Marta Temido comentava à agência Lusa o despacho, assinado na sexta-feira passada pelos Ministérios da Saúde e das Finanças, de aumento de capital dos hospitais públicos “de norte a sul” do país e que envolve mais de 450 milhões de euros (não relacionados com as verbas do Orçamento do Estado). As verbas começam a ser disponibilizadas ainda este ano.
 
“Esta notícia é muito bem recebida, muito bem acolhida (…). Este reforço vai permitir retirar alguns hospitais da falência técnica e por outro lado vai permitir pagar dívidas em atraso”, referiu à agência Lusa a presidente da Associação Portuguesa dos Administradores Hospitalares (APAH).
 
De acordo com Marta Temido, o reforço vai permitir pagar dívidas vencidas ainda este ano, nomeadamente ao grande credor que é a indústria farmacêutica.
 
“A verba vai permitir encerrar o exercício económico de uma forma mais limpa. Só à indústria farmacêutica estamos a falar de dívidas de mais de mil milhões de euros até agosto deste ano e prazos de pagamentos que ultrapassam um ano”, adiantou.
 
Apesar da notícia, a responsável considerou que a grande questão mantém-se: como evitar acumulação de nova divida vencida em 2015.
 
“Enquanto presidente da APAH, já comentei esta notícia no ano passado. A questão é como é que para o ano não vamos estar a comentar esta notícia novamente.

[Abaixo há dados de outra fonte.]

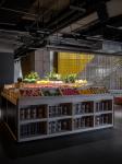 The exposed roof and a large amount of laid silver scaffolding are used throughout the space, eliminating all decorative embellishments with a rough and primitive feeling. The return to the origin of truth and simplicity contrasts with the source of Tongrentang's medicinal and dietary culture.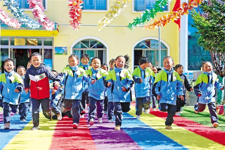 配圖:山南市瓊結(jié)縣雙語(yǔ)幼兒園的孩子們?cè)趨⒓诱n外活動(dòng)。(資料圖片)

Que reestruturação, que reorganizações, que eficiências estão a ser trazidas para as estruturas hospitalares de forma a evitar que periodicamente haja necessidade de injetar dinheiros públicos”, disse.
 
Na opinião de Marta Temido, é necessária “coragem política e envolver todos os agentes do Serviço Nacional de Saúde para fazer uma reorganização que permita mantê-lo (SNS) nos seus princípios constitucionais".
 
“Devemos dotar o SNS de estruturas que permitam responder às necessidades das populações, que se alteraram radicalmente”, concluiu.
 
ALERT Life Sciences Computing, S.A.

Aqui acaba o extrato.